## EXERCISE
Please copy the data exactly as it stands, minus the images.

## SOURCE DATA
==========
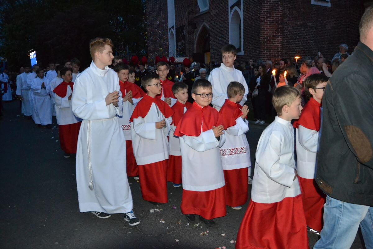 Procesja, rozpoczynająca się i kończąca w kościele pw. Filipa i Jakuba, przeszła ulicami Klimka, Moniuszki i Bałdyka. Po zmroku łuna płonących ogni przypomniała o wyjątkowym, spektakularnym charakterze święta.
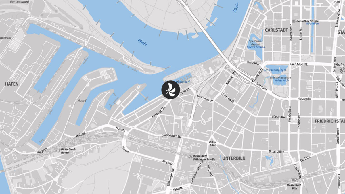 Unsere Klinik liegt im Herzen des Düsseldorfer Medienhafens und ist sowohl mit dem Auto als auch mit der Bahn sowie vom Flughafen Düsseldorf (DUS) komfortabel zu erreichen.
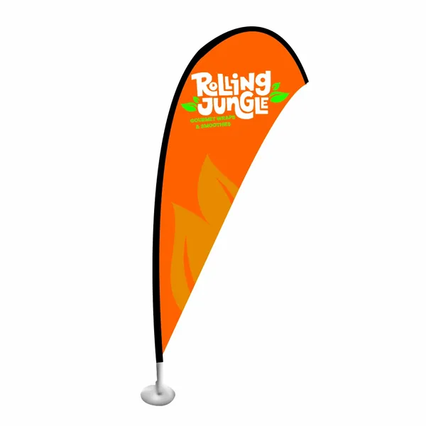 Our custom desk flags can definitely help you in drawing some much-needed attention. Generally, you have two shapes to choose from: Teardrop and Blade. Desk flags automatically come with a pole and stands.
==========
## REPLY
 Procesja, rozpoczynająca się i kończąca w kościele pw. Filipa i Jakuba, przeszła ulicami Klimka, Moniuszki i Bałdyka. Po zmroku łuna płonących ogni przypomniała o wyjątkowym, spektakularnym charakterze święta.
 Unsere Klinik liegt im Herzen des Düsseldorfer Medienhafens und ist sowohl mit dem Auto als auch mit der Bahn sowie vom Flughafen Düsseldorf (DUS) komfortabel zu erreichen.
 Our custom desk flags can definitely help you in drawing some much-needed attention. Generally, you have two shapes to choose from: Teardrop and Blade. Desk flags automatically come with a pole and stands.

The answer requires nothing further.